You only need to meet me to know that no matter how you cut it, I’m no saleswoman . So, If you had told me that my first job would be as a sales consultant at a debt counseling firm, i would have never even entertained the conversation.
Yet a couple of months after varsity I found myself doing just that. Four years and student loans later, I was working a job that I hated more with every passing day.
It amazes me how at the feet of desperation, preference bows out and just about anything goes.
To be fair, It didn’t start out that way. Initially that job had felt like a godsend. I’d been job hunting for months to no avail and couldn’t even keep track of the applications I sent out.
Two months into it, I knew it wasn’t my cup of coffee. Yes I changed departments and finally landed a gig in finance but that did little to change my view of the whole ordeal.

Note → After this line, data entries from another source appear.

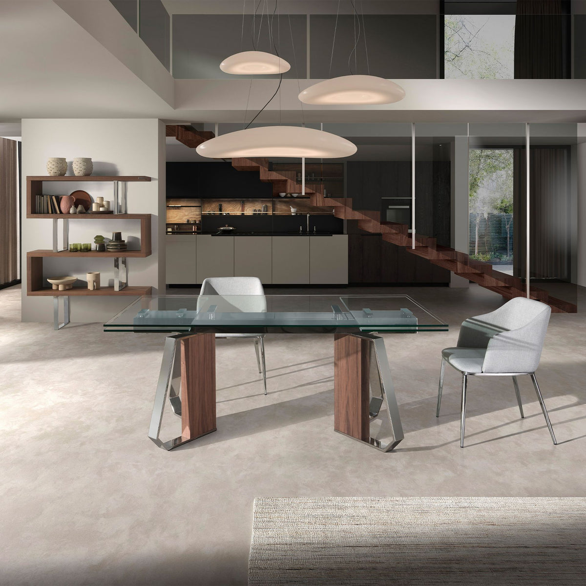 Modern rectangular extendable dining tablewithtempered glasstop. Its0.5 mm thick natural walnut veneered wood legs and chromed stainless steel, as well as its adaptability, make it a fully functional and versatile piece of furniture for everyday use.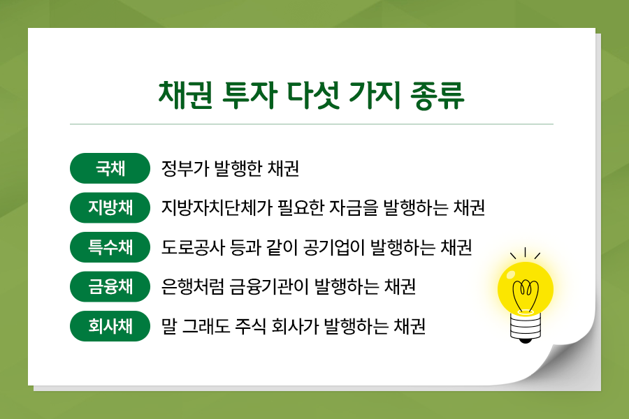 채권의 종류는 다양하게 분류할 수 있는데, 채권의 종류를 발행 주체별로 나누어 보면 국채, 지방채, 특수채, 금융채, 회사채, 이렇게 다섯 가지로 나누어 볼 수 있습니다.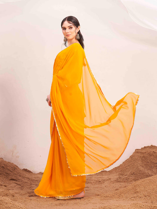 Dhiyona TI Women's Yellow Colored Poly Georgette Saree with Unstitched Blouse and Belt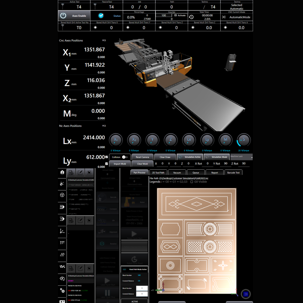 Following machining, the automatic unloading system and four-zone vacuum control ensure parts are removed efficiently and safely. Supported by an 8-position automatic tool changer and automatic tool length measurement, the line delivers consistent, repeatable output with reduced downtime between jobs.
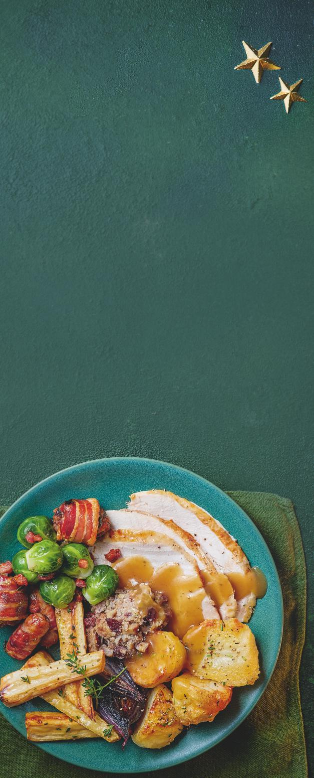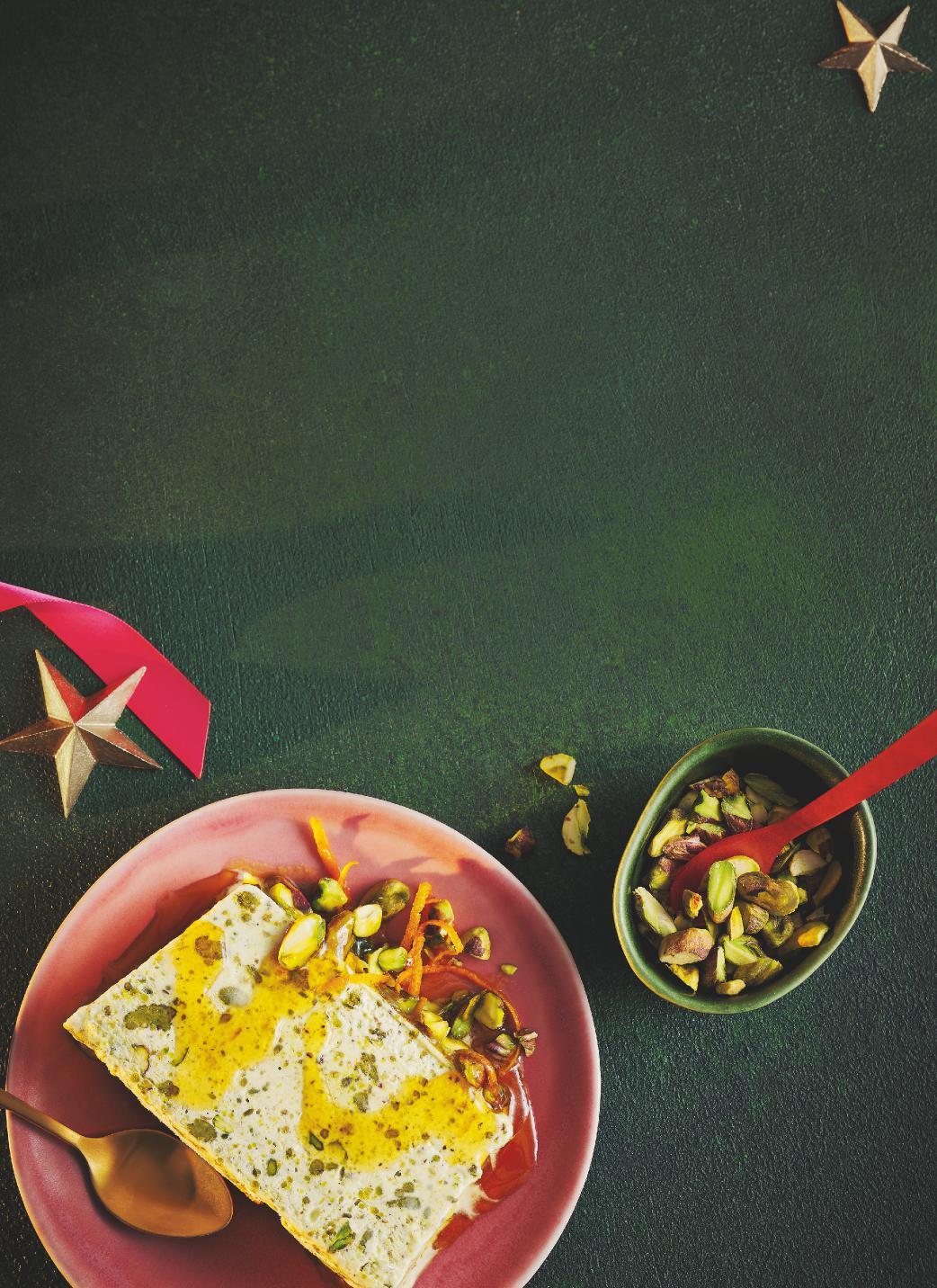 The run-up to Christmas can be as joyous as the main event. But whether you’re a ‘tree up on the 1st’ kind of host (see our decoration ideas on p85), or a night-before-Christmas shopper, once you’ve flicked through this issue you’ll be setting aside a Sunday to make gravy and a show-stopping dessert for the freezer – the Pistachio ice cream terrine, p35, will wow guests! Keep hold of the issue for its handy turkey guide, p43. Now’s also a good time to think about the drinks cupboard. Get a few bottles in to hide away for later – check out our drinks guide, p51. Feed your Christmas spirit and get planning!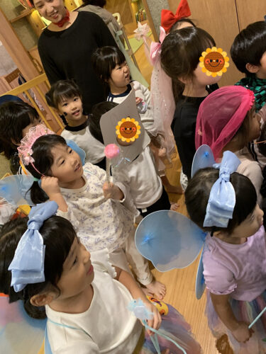 先生のアイデアで、みんなでハロウィンの仮装をしてお祝いしました。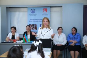 Tədbirdə təlimçi Gülşən Cəfərova uşaqlara və valdeyinlərə inklüziv təhsil haqqında məlumat verib.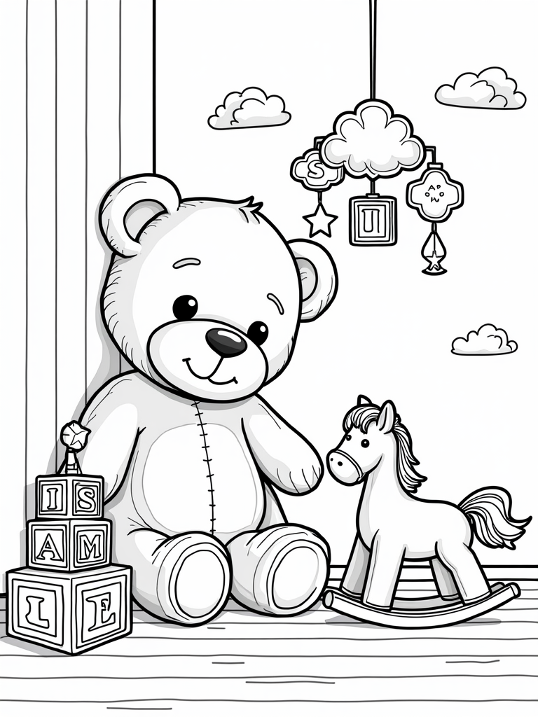 Check out this free, printable coloring page featuring a cozy nursery filled with oversized toys. Perfect for little artists who love to color and explore their imagination in a fun, baby-themed setting.

By all accounts then, yesterday should have been a good day. My last day should have been nothing but celebration and joy. Yet tears clouded my vision as I embraced someone who had become very dear to me. Though my vision was clouded, my mind couldn’t be any clearer, God blessed me there.
Never have I been so stretched!!
I outgrew my self imposed limitations and learnt so much about work, life and myself. I met ‘me’ there. I met my failures and learnt to push past them, I met my triumphs and learnt to celebrate the small victories, I met the mundane seasons of life and learnt to persevere through them.
I met wonderful people who changed me forever. As though that were not enough, I met my favorite person there. In four months I become his bride and I couldn’t have scripted it better myself.
Most importantly, I met God there. Not on His golden throne with angels singing His praises. He jumped from Bible stories and walked with me. I met Him with feet in the mud, sleeves rolled up, doing life with me. He looked so ordinary, I almost missed Him.